I'm watching seminars put on by Stanford University's MediaX program. The first seminar, on the impact and use of new mobile video technology for news gathering, was technically a little shaky, but informative. The second seminar, on the value of new video technologies in business and education, seems to be more a sales pitch for Cisco's telepresence technology and similar offerings than a real discussion of the value of video. (If you haven't seen Cisco's commercials, their telepresence model uses big screens that allow you to see the participants in both sides of a teleconference in near life-size. Cisco's even bigger telepresence systems, which haven't been featured in television ads, use specially-built rooms and wall-size displays to give the illusion that the participants are all in the same room.)

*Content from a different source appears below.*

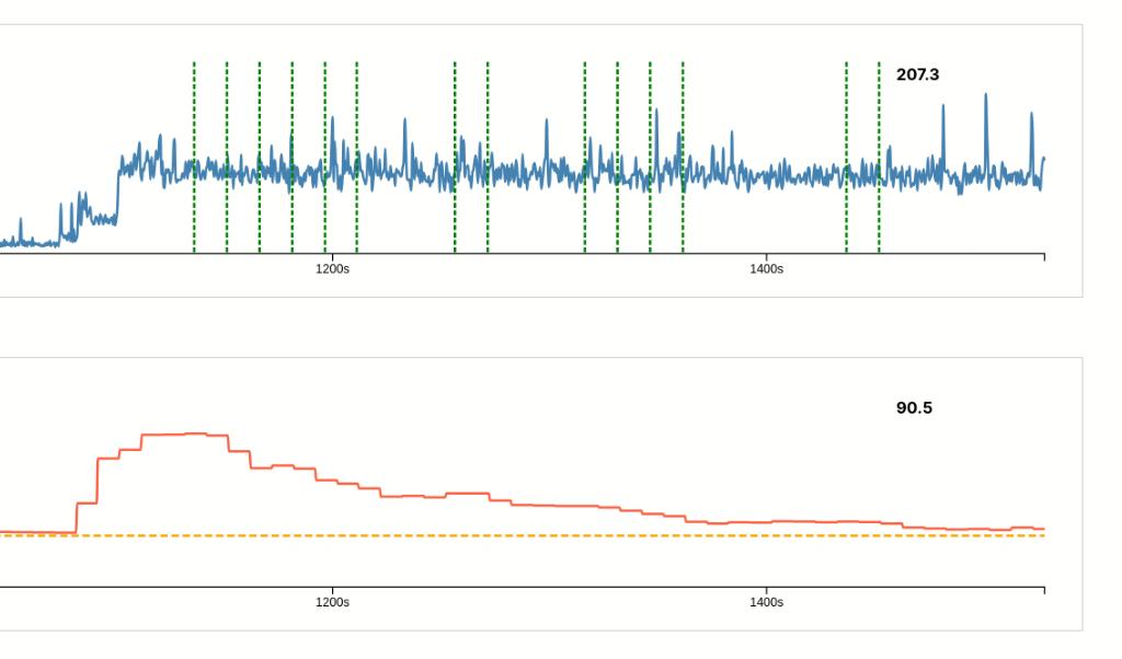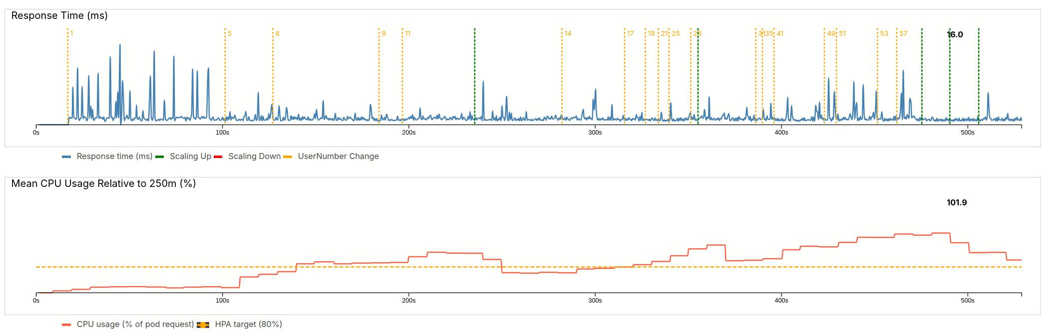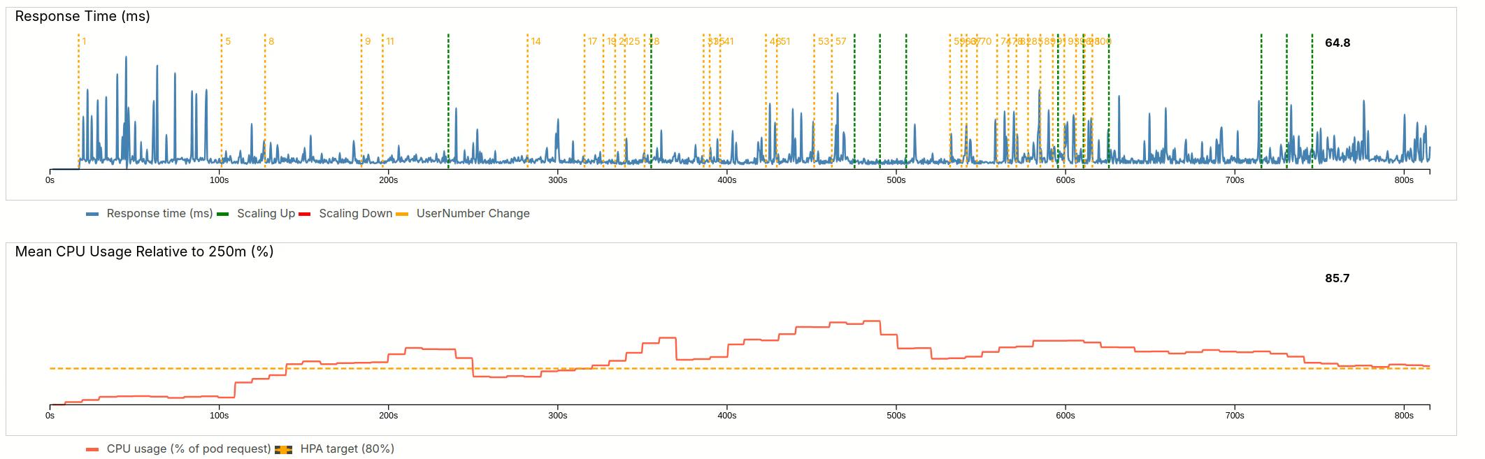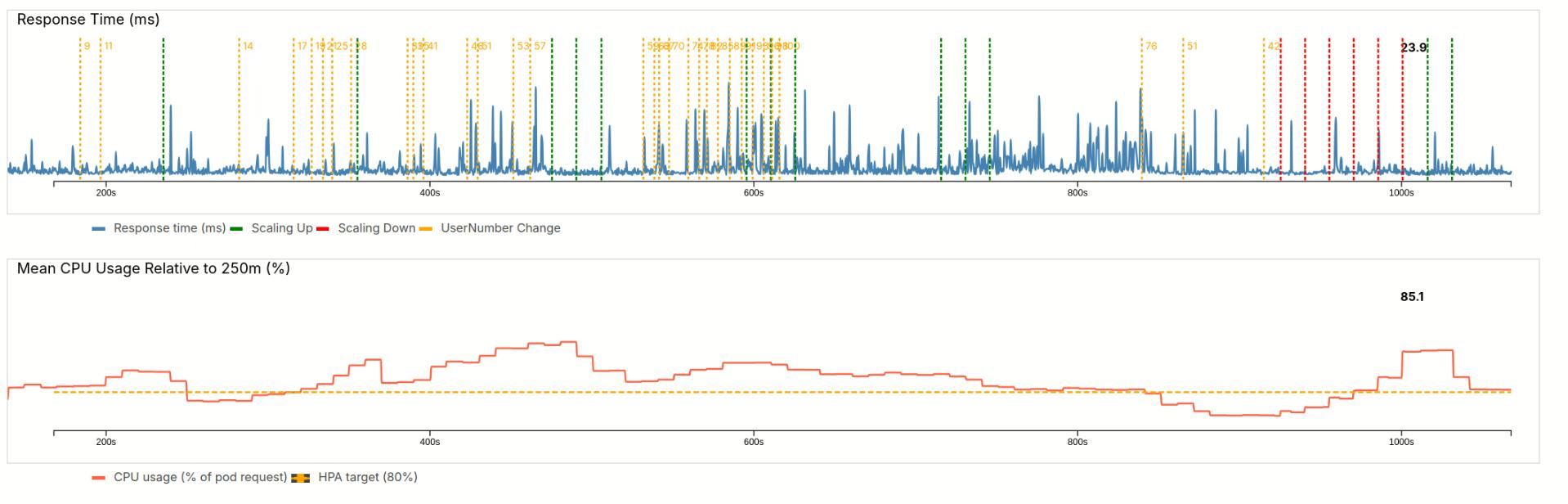 Kubernetes is configured in such a way, that it will increase the number of pods if CPU usage repeatedly exceeds 80%. For scaling up, a green line is plotted in the requests plot. A red line for downscaling.

Cisco-style solutions are very expensive; tens or hundreds of thousands of dollars per site, with major bandwidth requirements. To vendors of these systems, Skype and similar services will never be a good substitute, because you can't see and hear every nuance of every participant. Sometimes the picture freezes. It's not immersive.

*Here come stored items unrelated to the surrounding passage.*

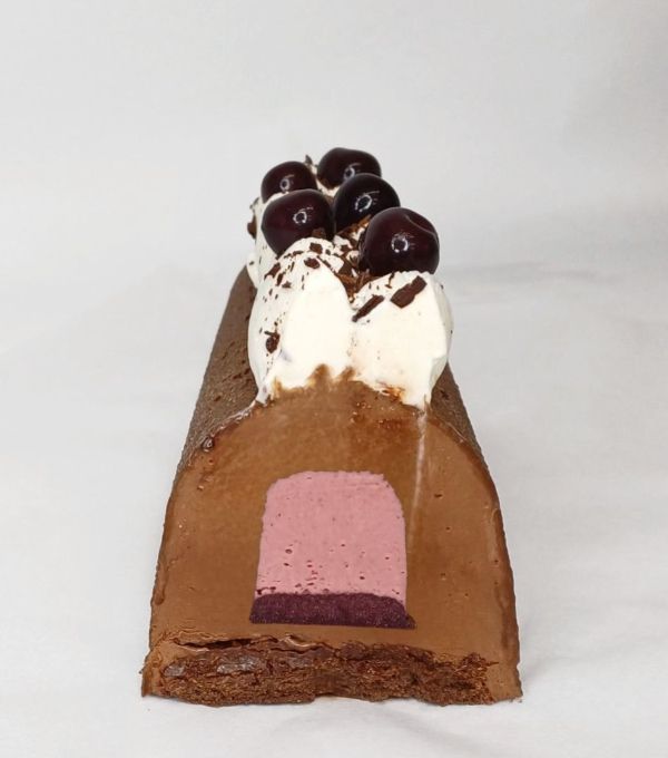 Ici la mousse au chocolat noir et la chantilly au kirsch accueillent un cœur crémeux et une gelée à la cerise.
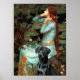 Ophelia (sitzend) von John W. Waterhouse (1898), angepasst an einen schwarzen Labrador Retriever. Dieses Gemälde basiert auf Shakespeares Ophelia.
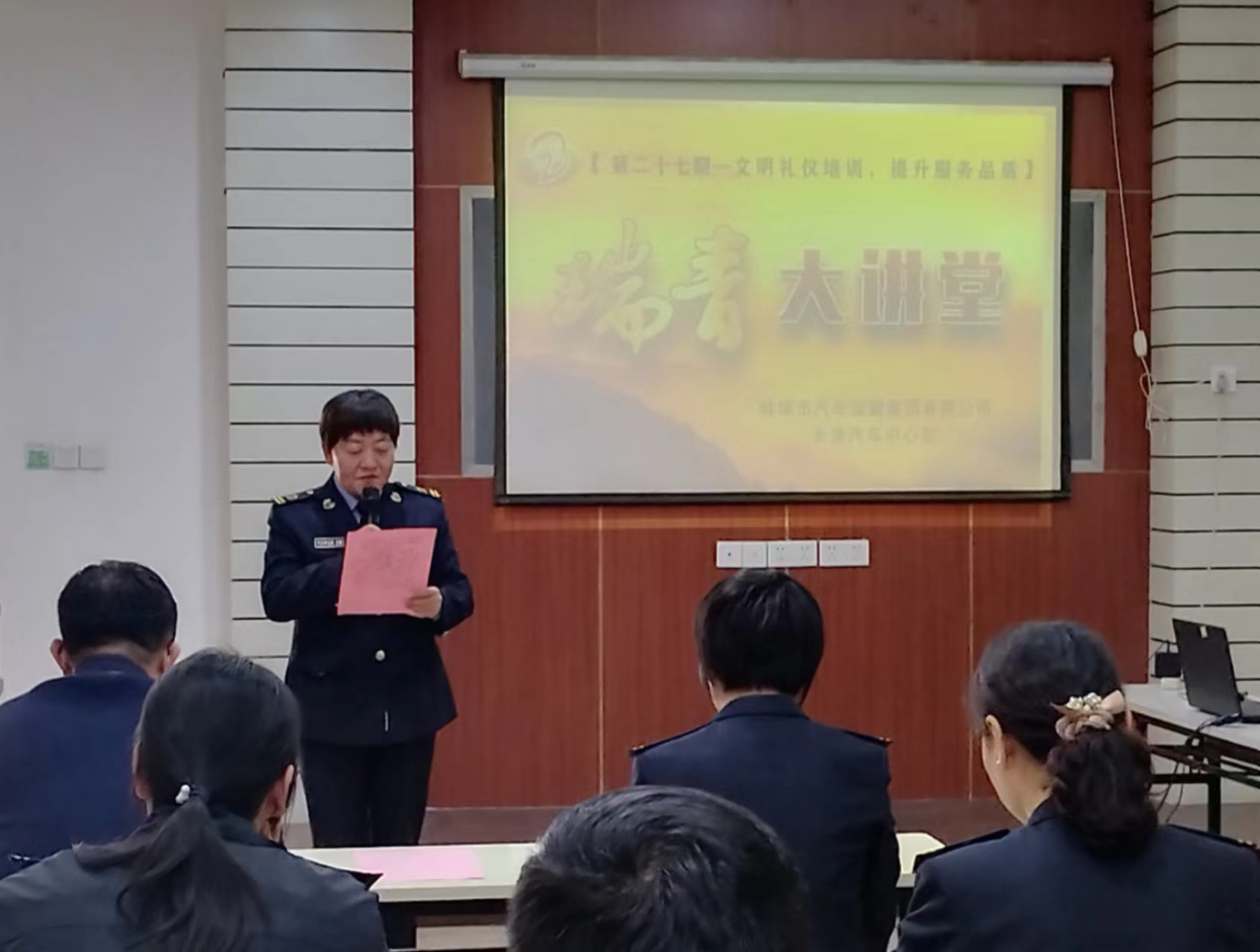 為弘揚(yáng)瑞青精神,建設(shè)瑞青品牌,創(chuàng)新服務(wù)舉措,提升服務(wù)質(zhì)量,汽運(yùn)集團(tuán)長(zhǎng)途汽車中心站舉辦了第二十七期瑞青大講堂服務(wù)禮儀篇——“提升服務(wù)質(zhì)量?做文明汽運(yùn)人”。

The problem with these arguments is that time and time again, high-end, high-quality offerings are rejected in favor of "good enough" solutions. CDs are being replaced by MP3 files that don't have the same sound quality but are far more flexible and less expensive to buy. Consumers eagerly watch video on their computers (or their phones, for that matter) that isn't the equal of what they can see on a HDTV, because they can watch what they want, how, when and where they want.
Teleconferencing works the same way. If I can use Skype or Apple's iChat to pull together an ad hoc videoconference with existing equipment and at little or no cost, do I really need to see if someone in the 23rd row is picking his nose? Just as consumers gravitate toward "good enough", smart businesses and educators will do the same thing.